* What to produce: Search the entries for the word "Christmas" and return every line where it is found.

* Available records:
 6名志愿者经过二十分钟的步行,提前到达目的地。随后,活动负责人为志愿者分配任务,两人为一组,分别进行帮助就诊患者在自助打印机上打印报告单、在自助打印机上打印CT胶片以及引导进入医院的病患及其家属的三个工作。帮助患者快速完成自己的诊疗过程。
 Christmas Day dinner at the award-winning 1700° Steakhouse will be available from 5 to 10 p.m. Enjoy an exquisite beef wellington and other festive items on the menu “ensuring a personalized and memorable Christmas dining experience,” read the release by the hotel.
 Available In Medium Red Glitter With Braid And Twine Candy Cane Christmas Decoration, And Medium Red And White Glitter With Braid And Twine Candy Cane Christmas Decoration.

...

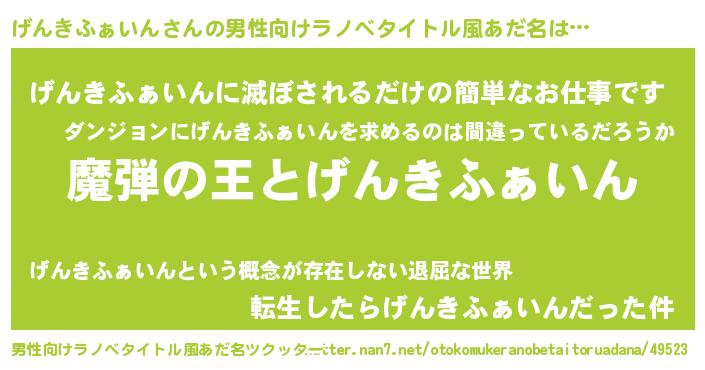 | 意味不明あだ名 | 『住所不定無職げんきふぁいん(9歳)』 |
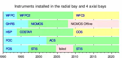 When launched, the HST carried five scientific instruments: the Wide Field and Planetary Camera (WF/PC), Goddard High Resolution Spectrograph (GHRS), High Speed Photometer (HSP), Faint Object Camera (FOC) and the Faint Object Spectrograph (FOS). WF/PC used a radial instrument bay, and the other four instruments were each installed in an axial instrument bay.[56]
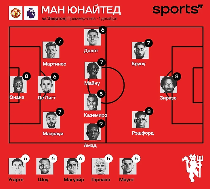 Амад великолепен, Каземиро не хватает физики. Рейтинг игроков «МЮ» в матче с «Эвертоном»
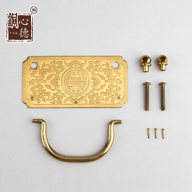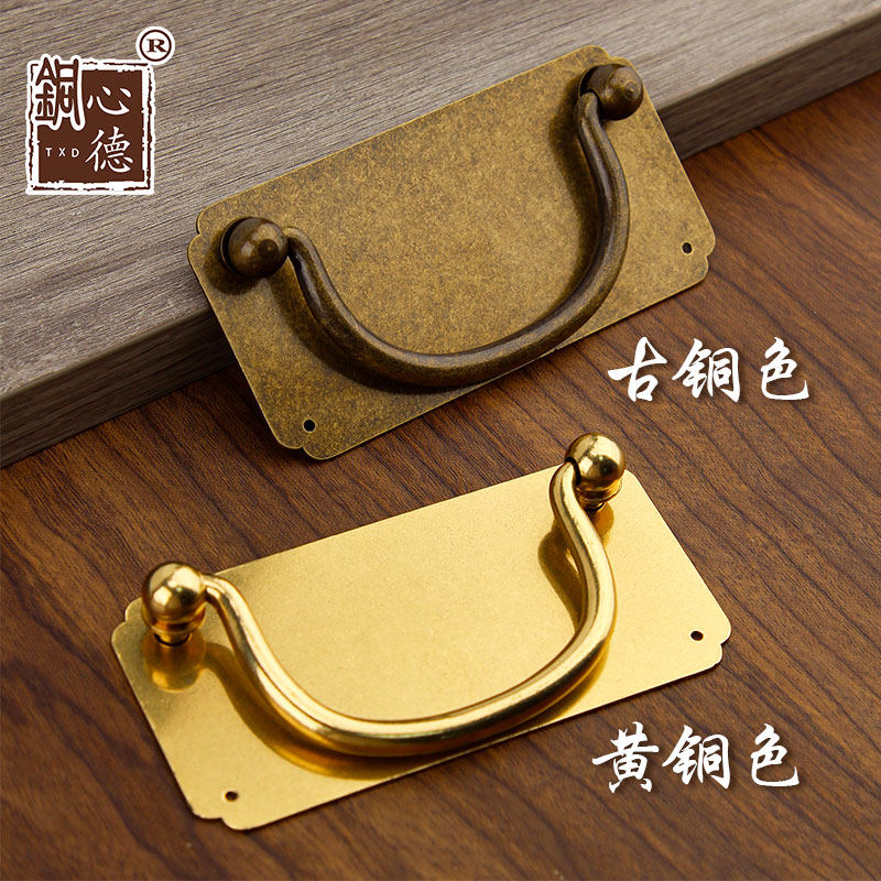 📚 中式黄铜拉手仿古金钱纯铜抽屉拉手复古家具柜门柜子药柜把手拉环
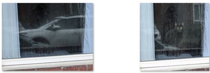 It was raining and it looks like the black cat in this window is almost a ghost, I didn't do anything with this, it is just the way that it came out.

* Task result:
 Christmas Day dinner at the award-winning 1700° Steakhouse will be available from 5 to 10 p.m. Enjoy an exquisite beef wellington and other festive items on the menu “ensuring a personalized and memorable Christmas dining experience,” read the release by the hotel.
 Available In Medium Red Glitter With Braid And Twine Candy Cane Christmas Decoration, And Medium Red And White Glitter With Braid And Twine Candy Cane Christmas Decoration.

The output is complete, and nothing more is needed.